Your task is to judge whether the input is a legal regular expression.

 A regular expression is defined as follow:

 1: 0 and 1 are both regular expressions.

 2: If P and Q are regular expressions, PQ is a regular expression.

 3: If P is a regular expression, (P) is a regular expression.

 4: If P is a regular expression, P* is a regular expression.

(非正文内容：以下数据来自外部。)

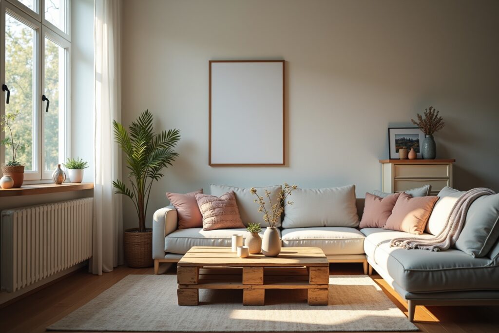 - Palettenmöbel: Europaletten sind ein vielseitiges Material für das Upcycling von Wohnzimmermöbeln. Aus ihnen lassen sich Couchtische, Sitzgelegenheiten oder sogar modulare Sofas bauen. Mit Polstern und Kissen wird die rustikale Optik ergänzt.

 5: If P and Q are regular expressions, P|Q is a regular expression.

Input

The input contains multiple testcases.

 Each test case is a single line with a string not containing space.The length of the string is less than 100.

Output

For each testcase, print yes if the input is a regular expression, otherwise print no.

Sample Input

010101101*
(11|0*)*
)*111

Sample Output

yes
yes
no

解题报告：这道题目就是已知合法的正则表达式，然后又有* | （ ）等符号，需要继续判断操作后的正则表达式是否还是合法的。因为（ ）这俩需要有匹配的现象，还有 | 能够覆盖掉 | 前边的数字，根据这些就可以写出代码了。

ac代码：

#include<iostream>
#include<cstring>
#include<cstdio>
#include<algorithm>
using namespace std;

const int maxn =1e3+10;

char str[maxn];

int main()
{
	while(scanf("%s",str)!=EOF)
	{
		int flag=0,intflag=0;//intflag是判断符号前边是否存在数字，主要是为（）准备的
		char c=str[0];
		int i=0;
		int cnt=0;
		while(c!='\0'&&c!='\n')
		{
			if(c=='(')
			{
				cnt++;
				intflag=0;
			}
			else if(c==')')
			{
				if(!intflag)
				{
					flag=1;
					break;
				}
				cnt--;
			}
			if(cnt<0)
			{
				flag=1;
				break;
			}
			if(c=='0'||c=='1')
			{
				intflag=1;
			}
			if(c=='*'&&!intflag)
			{
				flag=1;
				break;
			}
			if(c=='|')
			{
				if(!intflag)
				{
					flag=1;
					break;
				}
				intflag=0;
			}
			c=str[++i];
		}
		if(cnt!=0) flag=1;
		if(flag)
			printf("no\n");
		else
			printf("yes\n");
		
	}
	return 0;	
}